[Extracted data entries]
================================

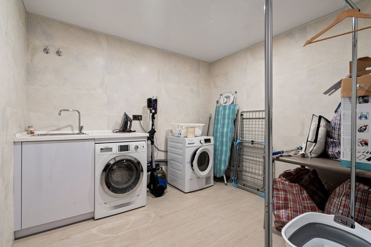 En entrant au rez-de-chaussée, vous découvrirez un espace de vie ouvert, lumineux et spacieux, comprenant un salon et une salle à manger. Les finitions sont réalisées avec des matériaux de haute qualité et un élégant revêtement de sol. Cet espace se prolonge harmonieusement vers une cuisine moderne entièrement équipée, conçue avec soin pour allier fonctionnalité et esthétique. De larges portes s'ouvrent sur des terrasses baignées de soleil, créant une transition parfaite entre l'intérieur et l'extérieur et laissant entrer la lumière naturelle. Ce niveau comprend également une chambre double spacieuse, idéale pour accueillir des invités ou pour une vie de famille flexible.
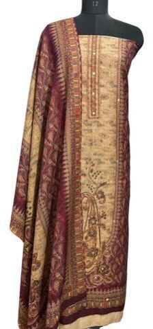 Design: Elegant maroon woolen suit with matching shawl for a cohesive, refined look
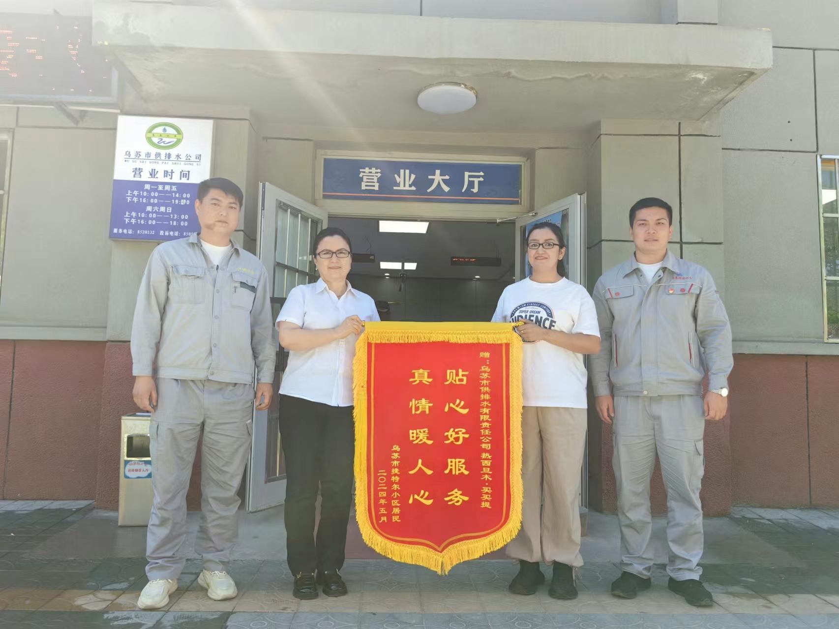 近日,一名办事群众将一面写有“真情暖人心 贴心好服务”的锦旗送到了乌苏市供排水有限责任公司客服中心业务员热西旦木·买买提手中,对她热情周到耐心的服务表示衷心感谢。
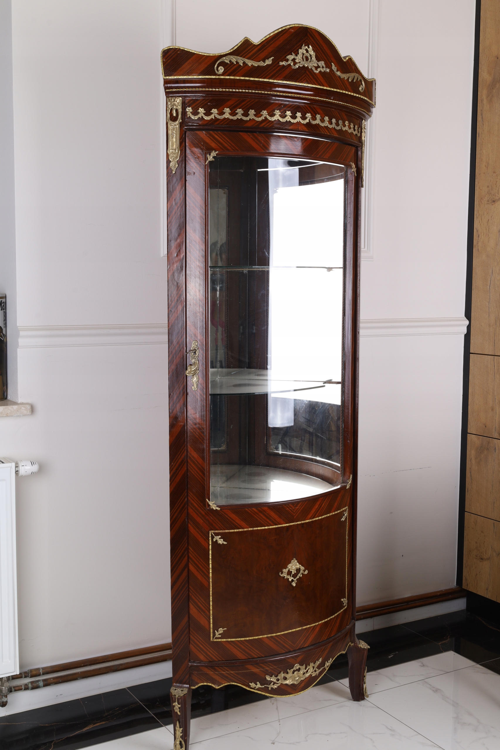УГЛОВАЯ ВИТРИНА - ДЕРЕВЯННЫЙ ШКАФ БАРОККО
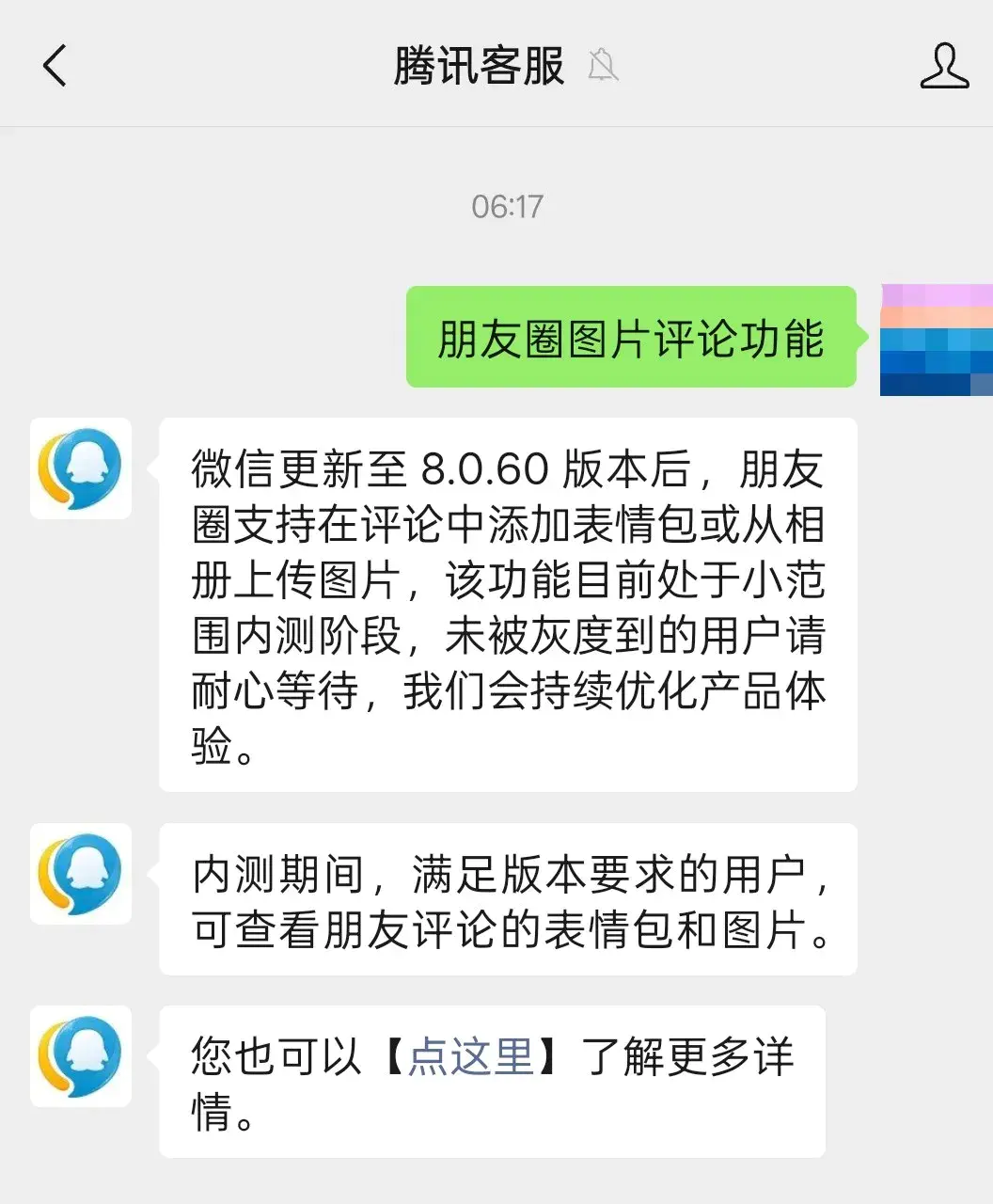 对此,腾讯客服回应称:“微信更新至8.0.60版本后,朋友圈支持在评论中添加表情包或从相册上传图片,该功能目前处于小范围内测阶段,未被灰度到的用户请耐心等待,我们会持续优化产品体验。内测期间,满足版本要求的用户,可查看朋友评论的表情包和图片。”
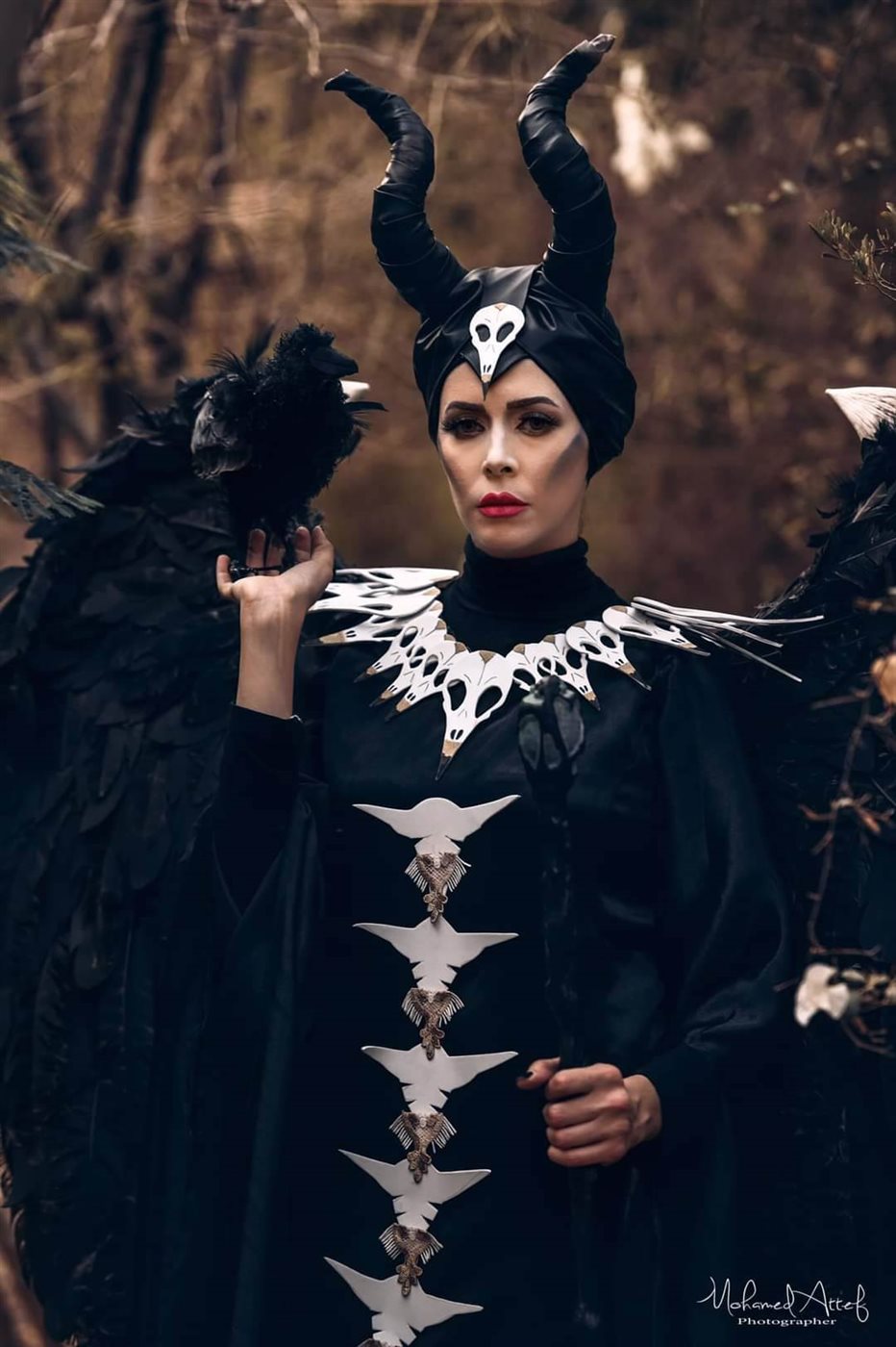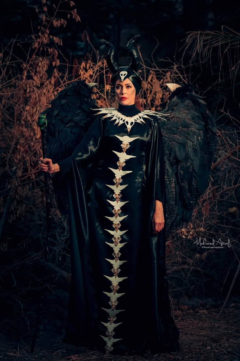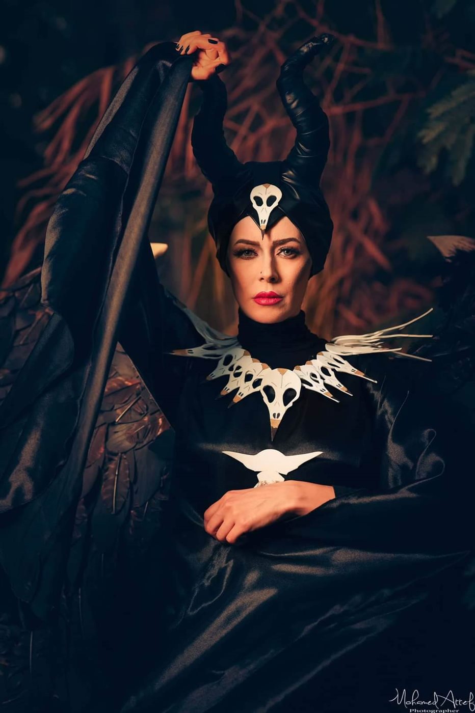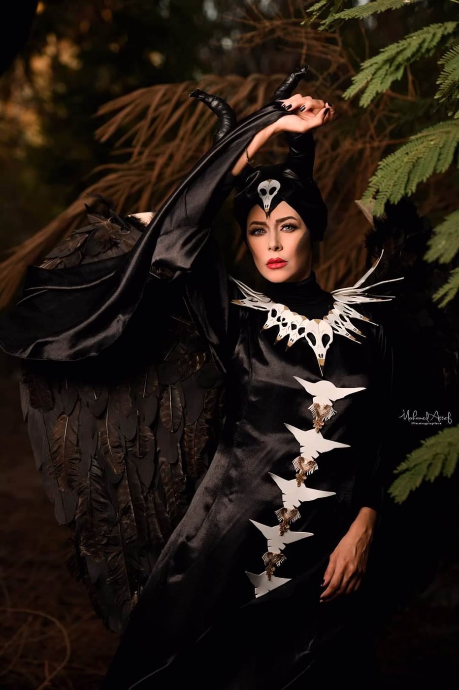ولإكمال الإطلالة أضافت مني الجمل بأناملها مكياج حاد وجرئ يتشابه مع أنجلينا جولي في شخصية Maleficent، وجسدت الشخصية باحترافية الموديل ياسمين محسن.

================================

Output only the lines that run from the line containing "Design: Elegant maroon" to the last line of the data, exactly as they stand and without pictures.

## Result
 Design: Elegant maroon woolen suit with matching shawl for a cohesive, refined look
 近日,一名办事群众将一面写有“真情暖人心 贴心好服务”的锦旗送到了乌苏市供排水有限责任公司客服中心业务员热西旦木·买买提手中,对她热情周到耐心的服务表示衷心感谢。
УГЛОВАЯ ВИТРИНА - ДЕРЕВЯННЫЙ ШКАФ БАРОККО
 对此,腾讯客服回应称:“微信更新至8.0.60版本后,朋友圈支持在评论中添加表情包或从相册上传图片,该功能目前处于小范围内测阶段,未被灰度到的用户请耐心等待,我们会持续优化产品体验。内测期间,满足版本要求的用户,可查看朋友评论的表情包和图片。”
ولإكمال الإطلالة أضافت مني الجمل بأناملها مكياج حاد وجرئ يتشابه مع أنجلينا جولي في شخصية Maleficent، وجسدت الشخصية باحترافية الموديل ياسمين محسن.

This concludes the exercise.